What Are the Laws of Absolute Cost Advantage

Comparative advantage requires a more holistic view of production. In this case, the perspective lies in the fact that a country or company has the resources to produce a variety of goods and services, rather than focusing on a single product. Other examples include Colombia and its climate – ideal for growing coffee – and Zambia, which has some of the richest copper mines in the world. It would be extremely expensive and probably unproductive for Saudi Arabia to try to grow coffee and Colombia to drill for oil. Suppose there are two countries I and II and two products A and B. For example, the country can produce one unit of commodity (A) of 10 and one unit of commodity (B) of 20 units of labor, and in country II, the production of one unit of (A) costs 20 and a unit of (15) costs 10 units of labor. Now, Land I has an absolute cost advantage in tin production (A) and will be limited to the production of (A) and Land II to the production of (B). Exactly the same thing would happen if I and II were two regions of one country. We are talking about absolute cost differences, because each country can produce a product at an absolutely lower cost than the other. In such a situation, therefore, a division of labor between them must lead to an increase in total production.

One of the advantages of absolute advantage theory is its simplicity: it provides an elegant explanation of the benefits of trade and shows how countries can benefit from it by focusing on their absolute advantages. According to Figure 1, the United Kingdom commits to producing 80 hours of work to produce one unit of fabric, which is less than the hours of work required by Portugal to produce one unit of fabric. The UK is able to produce one unit of fabric with fewer working hours, so the UK has an absolute advantage in fabric manufacturing. In contrast, Portugal commits to 90 hours for the production of one unit of wine, which is less than the working hours required by the United Kingdom to produce one unit of wine. Therefore, Portugal has an absolute advantage in wine production. There are many examples of absolute benefits, especially in the real world. For example, Saudi Arabia`s oil reserves are abundant, giving it an absolute advantage. This is one of the reasons why it exports the goods to other countries in the world. As explained earlier, the theory also assumes that absolute advantages are static – a country cannot change its absolute advantages, and they do not become more efficient with size. Real experience has shown that this is not true: many countries have managed to gain an absolute advantage by investing in strategic industries.

The concept of absolute advantage was developed by 18th century economist Adam Smith in his book The Wealth of Nations to show how countries can benefit from trade by specializing in producing and exporting goods that they can produce more efficiently than other countries. Countries with an absolute advantage may decide to specialize in the production and sale of a particular good or service and use the funds generated to purchase goods and services from other countries. In fact, the theory has been used to justify exploitative economic policies in the postcolonial era. Arguing that all countries should focus on their advantages, large organizations such as the World Bank and IMF have often pressured developing countries to focus on agricultural exports rather than industrialization. As a result, many of these countries remain at a low level of economic development. Absolute advantage leads to obvious advantages of specialization and trade only if each producer has an absolute advantage in the production of a good. If a producer does not have an absolute advantage, then Adam Smith`s argument would not necessarily be true. The explanatory power of the theory of comparative advantage is lacking. Harry can make five scarves in 20 hours and Sally can make four scarves in 20 hours. In this scenario, Harry has an absolute advantage as he can make one more scarf than Sally with the same amount of time. In other words; He does a scarf every four hours and Sally one every five hours.

Sally is 80% as effective as Harry when it comes to making scarves. Adam Smith is generally ignored as a trade theorist in international economics textbooks because he generally believes that he confirmed the rule of absolute benefits only to explain the structure of foreign trade. The idea of absolute advantage was developed by Scottish economist Adam Smith, who explained how countries can benefit by specialising only in the goods and services they can produce efficiently. Smith suggested that countries could open trade with others to products they cannot produce efficiently themselves.
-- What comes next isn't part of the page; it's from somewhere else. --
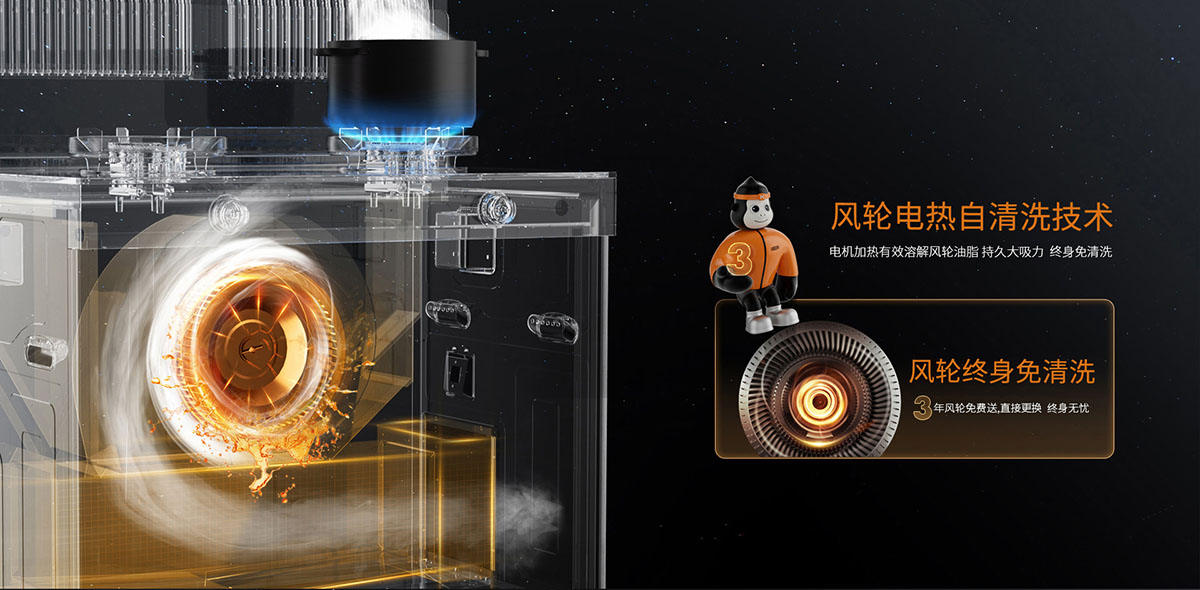 變頻電機(jī)大吸力,快勁吸煙源動(dòng)力,遇強(qiáng)則強(qiáng),無懼烹飪高峰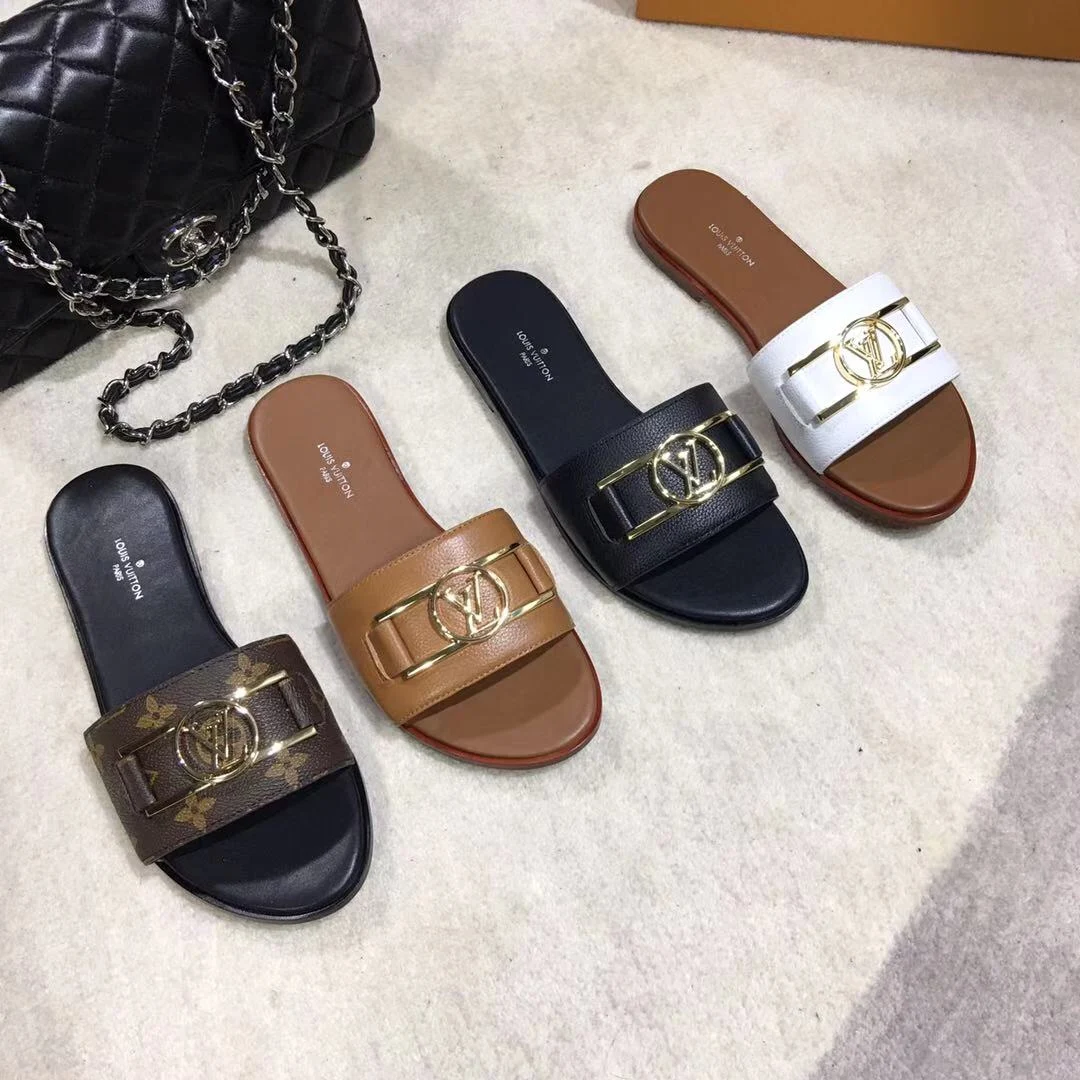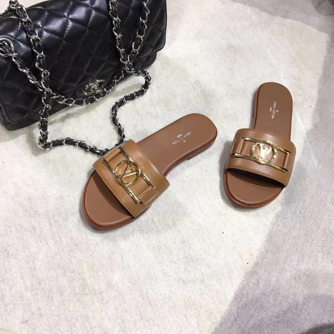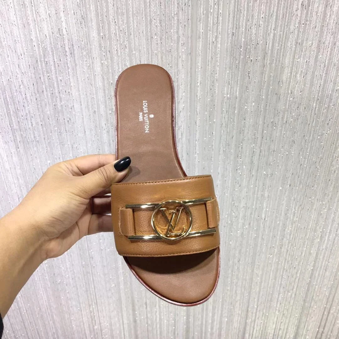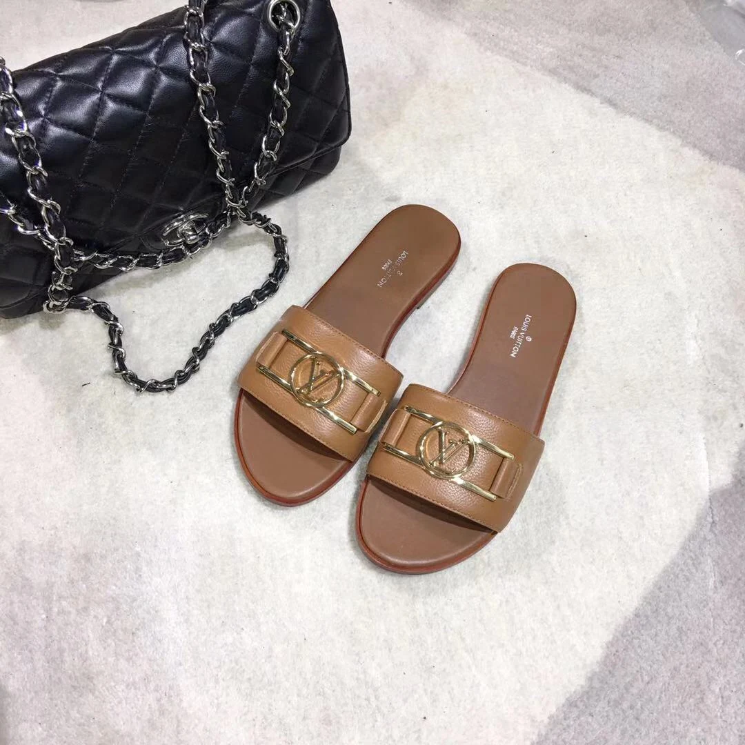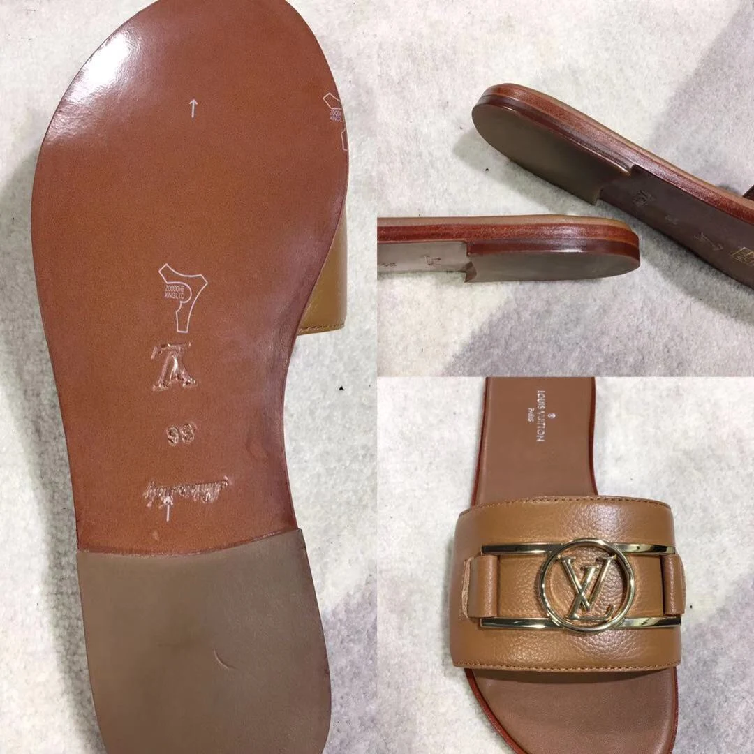 LV 女士老花荔枝纹头层牛皮拖鞋

The concept is often contrasted with the comparative advantage studied by economists such as David Ricardo, according to Smith. He suggested that countries produce goods and services not necessarily in greater volume or better quality, but at a lower opportunity cost. Although these ideas have evolved since their development, the basic foundation still prevails today in production and international trade. An absolute benefit can be achieved by creating the good or service at a lower absolute cost per unit with fewer inputs or by a more efficient process. If each country specialized in its absolute advantage, Atlantica could make 12 cups of butter and no bacon in a year, while Pacifica makes no butter and 12 plates of bacon. Through specialization, the two countries share the tasks of their work.

This idea contrasts with the concept of mercantilism, which dominated economic discussion and practice at the time. Under mercantilism, nations severely restrict trade and work to produce everything they need within their borders. Economists usually use absolute advantage to compare countries, but they can use it to compare two regions. For example, Nebraska might have an absolute advantage in corn production over Massachusetts, even though both are part of the same country. Since Smith focused solely on comparing labor productivity to determine absolute advantage, he did not develop the concept of comparative advantage. [2] While there are potential gains to trade with an absolute advantage, the gains may not be mutually beneficial.